▶ _Task objective_
Word for word, set down every line of the entries below from the line with "3d model design" to the line with "2、单击在边工具栏,选择横排文字工具。", including both, and no other line.

▶ _Record set_

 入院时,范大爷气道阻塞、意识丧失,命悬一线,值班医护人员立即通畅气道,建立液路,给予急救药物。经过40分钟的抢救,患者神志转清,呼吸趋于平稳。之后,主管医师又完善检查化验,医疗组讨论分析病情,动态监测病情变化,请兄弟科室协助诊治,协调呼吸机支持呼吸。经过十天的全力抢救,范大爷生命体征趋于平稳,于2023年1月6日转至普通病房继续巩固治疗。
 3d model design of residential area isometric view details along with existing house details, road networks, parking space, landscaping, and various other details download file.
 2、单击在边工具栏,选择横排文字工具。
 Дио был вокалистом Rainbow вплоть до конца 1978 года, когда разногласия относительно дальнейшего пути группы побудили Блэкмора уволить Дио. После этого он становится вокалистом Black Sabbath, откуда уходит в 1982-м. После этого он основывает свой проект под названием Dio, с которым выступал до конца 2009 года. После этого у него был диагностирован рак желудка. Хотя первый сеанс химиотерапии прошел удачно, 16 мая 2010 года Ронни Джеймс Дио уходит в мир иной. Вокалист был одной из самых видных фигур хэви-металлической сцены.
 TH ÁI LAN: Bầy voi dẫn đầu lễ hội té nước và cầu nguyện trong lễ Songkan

---

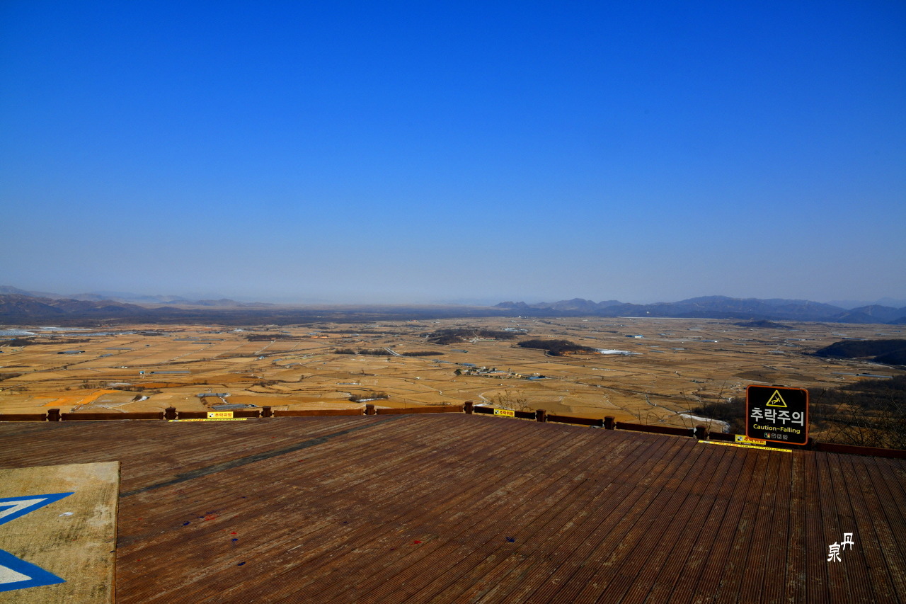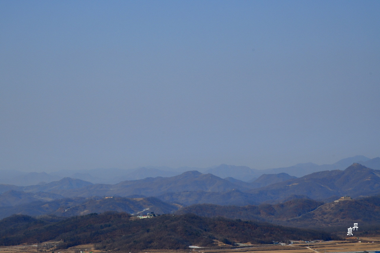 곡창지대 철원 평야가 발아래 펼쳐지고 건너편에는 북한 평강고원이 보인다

▶ _Exercise answer_
 3d model design of residential area isometric view details along with existing house details, road networks, parking space, landscaping, and various other details download file.
 2、单击在边工具栏,选择横排文字工具。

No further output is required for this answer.